A Hunting License For Detente The 1963 Limited Test Ban Treaty.

On June 15, 1963 , US Secretary of State Dean Rusk, Ambassador Averill Harriman and   British Foreign Minister Douglas Home flew to the Soviet Union to meet with Chairman Nikita Khrushchev and Foreign Minister Andrei Gromyko in order to finalize a treaty ending atmospheric, underwater and outer-space tests of nuclear weapons.  The Limited Test Ban Treaty [LTBT] was the first major multilateral arms control agreement of the Cold War, a goal that had eluded them for over five years.  Back in Washington, Dean Rusk said they may not have achieved real detente, but "at least they had a hunting license for it."  
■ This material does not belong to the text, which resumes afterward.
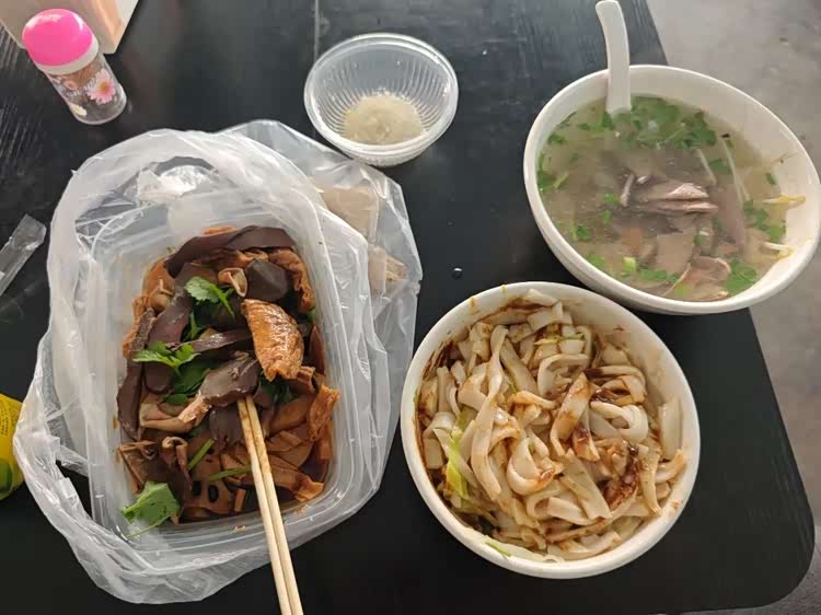 潮汕的美食总能带给我惊喜。白天,路边摊档一份沙茶拌粿条配猪肝蛤蜊汤,只需11元,就能品尝到最鲜美的食材。

Khrushchev had not only agreed to a very few on-site inspections, he had relaxed his longstanding demands for a new German 'peace treaty.  In March 1958, the Soviet Union proposed talks for a treaty to limit nuclear testing. The invitation was accepted by the United States and Britain, but talks soon stalemated on verification problems.  In November 1958, Khrushchev  issued an ultimatum that the Western allies leave Berlin and East Germany [GDR] control all access to Berlin, which would become a 'free city.'  The carrot he offered was progress on nuclear arms-control.   A test-ban would be a starting point, especially in the face of growing public concern after intensive high yield hydrogen bomb tests. 
All the nuclear powers [US, UK, and USSR] had an interest in curbing the expensive and dangerous escalation of nuclear weapons development.  Public alarm, especially in Britain, increased pressure for a test ban. The United States and Britain had to take the lead in Berlin and test ban diplomacy.  President Dwight Eisenhower acknowledged that Berlin might be "the catalyst" for a test-ban in 1959 meetings with Khrushchev that led to an attempted 1960 East-West summit in Paris.  Despite Soviet stubbornness on inspection, Eisenhower intended an end run around the Berlin issue to get a test ban, but the U2 incident derailed the unpromising summit.  Khrushchev had higher hopes for his June 1961 Vienna meeting with President John Kennedy, but could not resist bullying the novice President over Berlin, trampling hopes for test ban progress. 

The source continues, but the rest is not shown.